Affichage du vrai prix des abonnements internet : Orange et Bouygues persistent et pourraient être sanctionnés

Affichage du vrai prix des abonnements internet :  Orange et Bouygues persistent et pourraient être sanctionnés

 

Les opérateurs avaient jusqu’au 1er février 2018 pour rentrer dans les rangs, au delà de cette date, la DGCCRF prévoyait une amende… de 15 000 euros. Une somme qui n’est visiblement pas dissuasive.

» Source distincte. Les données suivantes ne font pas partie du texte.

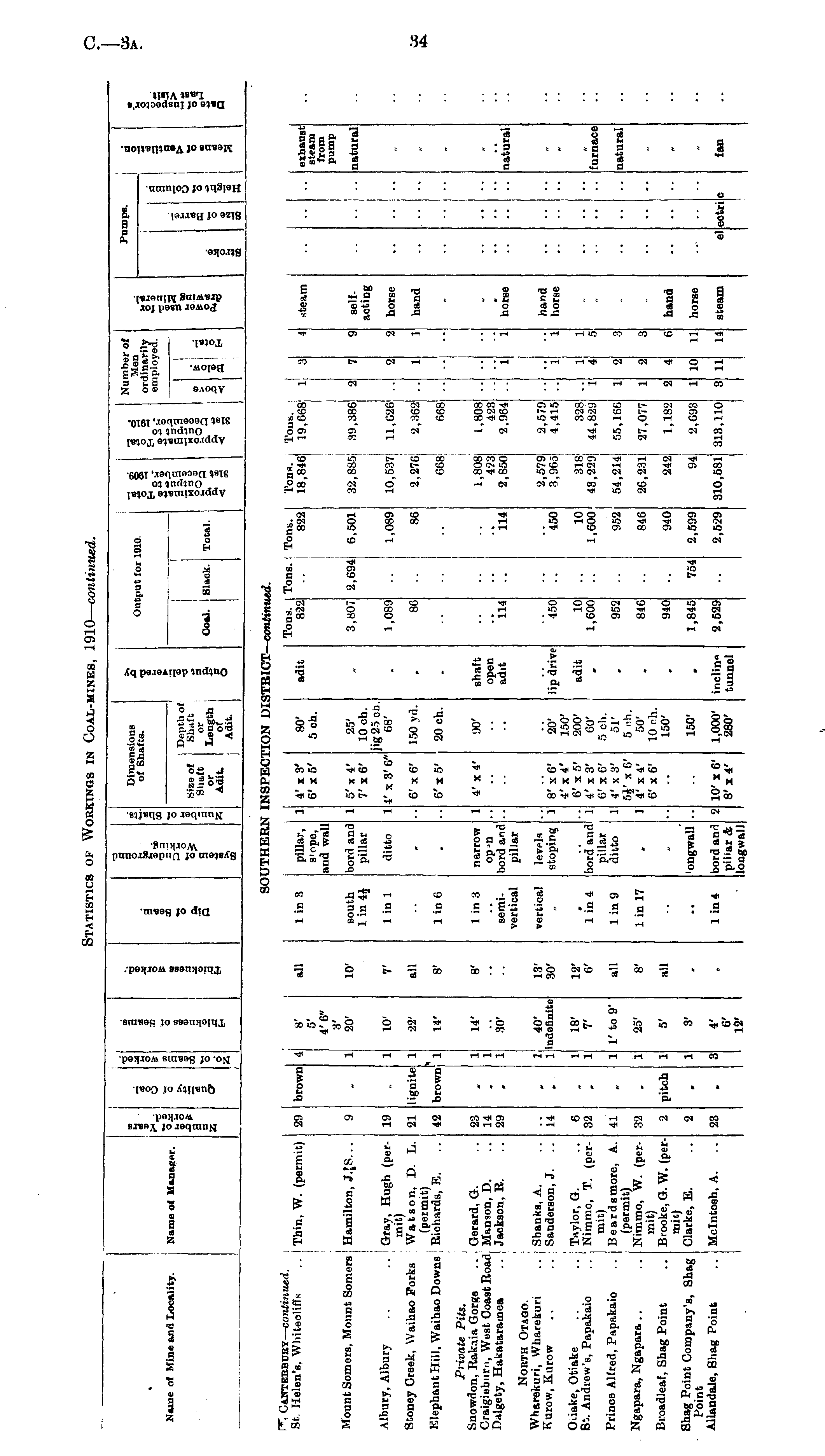 Maine of Mine and Locality. Name of Manncnr. V o OF 1 6 i o a a S 2 — 2 13 I. CD 50 a r. 00 1 I Depth of Size of Shaft Shaft or or Length Adit. of Adit. Dimensions of Shafts. s O 1 Output for 1910. "i Coal. I Slack. Total. ffi < 3 1 S III SOS Number of Men ordinarily employed. If Pumps. i a I i 3 i a ■3 g T. . SOUTHER1 INSPECl 'ION DISTRICTcontinu :u. "*■- Canterbury— continued. St. Helen's. Wliiteoliffs .. I Thin, W. (permit) 29 brown 8' 5' 4'6" 3' 20' •ill 1 in 3 pillar, S'ope, and wall 4' x 3' 6' x5' 80' adit 5 oh. Tons. I 822 Tons. Tons. 822 Tons, j Tons. 18,846 19,668 y *team exhaust steam from pump Mount Somors, Mount Somers Hamilton, J.JS... Albnry, Albury .. . . Gray, Hugh (permit) Stoney Creek, Waihao Forks Watson, D. L. (permit) Klepkant Hill, Waihao Downs ; Richards, E. 19 10' 10 , V south bord and 1 in i\ pillar 1 in 1 ditto o'x 4' V x6' V x 3' 6" 25' 10 ch. jig 25 oh. 68' 3,807 1,089 2,694| 6,501 1,089 32,885 39,386 10,537 11,C26| selfacting horse natural " ■21 lignite 22' all 6' x6' 150 yd. 80 86 2,276j 2,362 hand 42 brown 14' a' 1 in 6 6 -,V j 20 oh. 668 668 Private Pits. Snowdon, Rakaia Gorge .. Gerard, G. Craigiebnrn, West Coast Road Manson, D. D,ilgety, Hakatarainea .. Jaokson, R. 23 14 29 1 1 1 14' 8' 1 in 3 narrow op j n semi- bord and vertical pillar 4' x4' 'JO' shaft shaft open adit 1,808 1,808 423 423 2,850 2,964 '•I ■1 30' open adit 114 - i 114 1 1 • horse natural North Otago. Wharekuri, Wharekuri .. ; Shanks, A. Kurow, Kurow .. .. Sanderson, J. .. 1 1 40' indefinite 13' 80' vertical levpls stoping 8'x6' 4' x 4' 6' x5' 4' x3' 6' x 6' 4' x 3' 5J' x 6' 4' x4' 6'x6' 20' lip drivi 150' 200' adit 60' S ch. 51' 5 <;h. 50' 10 ch. 150' lip drive 450 ■ 450 2,579! 2,579 3,9651 4,415 hand horse U i *i 1 Oiiake, Otiake .. .. Taylor, G. St. Andrew's, Papakaio .. ' Niinmo, T. (permit) Prince Alfred, Papakaio .. j Beardsmore, A. (permit) Ngapara, Ngapara .. .. Nimmo, W. (permit) Bioadieaf, Shag Point .. Brooke, G.W. (permit) Shag Point Company's, Shag Clarke, E. Point Allandale, Shag Point .. Mclntosh, A. 6 32 41 39 1 1 18' 7' 1' to 9' 25' 12' 6' all 8' 1 in 4 bord and pillar 1 in 9 ditto 1 in 17 ] adit V 10 1,600 952 846 10 1,600 952 846 318 328 43,229| 44,82'J 54,214) 05,166 26,231 27,077 •i 1 4 31 1 5 ■^ furnace natural 2 pitch 5' all ■ ■ 940 940 242 1,182 4 ; 6 hand 2 3' m 'ongwall 150' 1,845 754 2,599 94 2,693 H 11 horse 23 4' 6' 12' 1 in 4 bord anH piMar & longwali 10' x 6' 8'x4' 1,000' incline 280' tunnel incline tunnel 2,529 2,529 310,581 313,1101 iii H steam el eotri c fan

Si SFR a rejoint Free vendredi dernier en matière de transparence autour de l’affichage du prix de ses offres fixes en incluant désormais le tarif de ses box dans ses abonnements, ce n’est toujours pas le cas d’Orange et Bouygues qui font de la résistance.

En septembre dernier, la Direction générale de la concurrence, de la consommation et de la répression des fraudes (DGCCRF) a envoyé un courrier à SFR, Bouygues Telecom et Orange leur demandant d’afficher dorénavant le tarif "tout compris" de leurs abonnements internet. Leur était imploré de se conformer à la loi (arrêté du 3 décembre 1987) et ainsi de présenter une information complète au consommateur sur tout support. La mise en demeure de la DGCCRF était la suivante : “dans le cas où une offre d’accès internet fixe proposée au consommateur comporte la location payante d’une box, le prix annoncé dans vos publicités et communications commerciales doit indiquer la somme totale qui devra être effectivement payée par le consommateur”. 

A cela, Bouygues Telecom avait répondu "étudier les demandes" formulées alors qu’Orange s’était montré plus frontal en avançant que ses offres "respectent la règlementation". L’opérateur historique s’est défendu en estimant que la présentation des offres aujourd’hui, qui n’inclut pas le prix de location de la box à celui de l’abonnement, "suite à un un avis du conseil national de la consommation, qui dépend de la DGCCRF, datant de 2006 concernant les publicités écrites".

Aujourd’hui, soit 11 jours après la date d’échéance, Orange et Bouygues n’ont pas rectifié le tir. Conséquence : la Répression des fraudes a averti selon Les Echos qu’elle mènera des contrôles supplémentaires si nécessaire, et « tirera toutes les conséquences du comportement des opérateurs en termes de sanctions ». Une amende de 15 000 euros est prévue.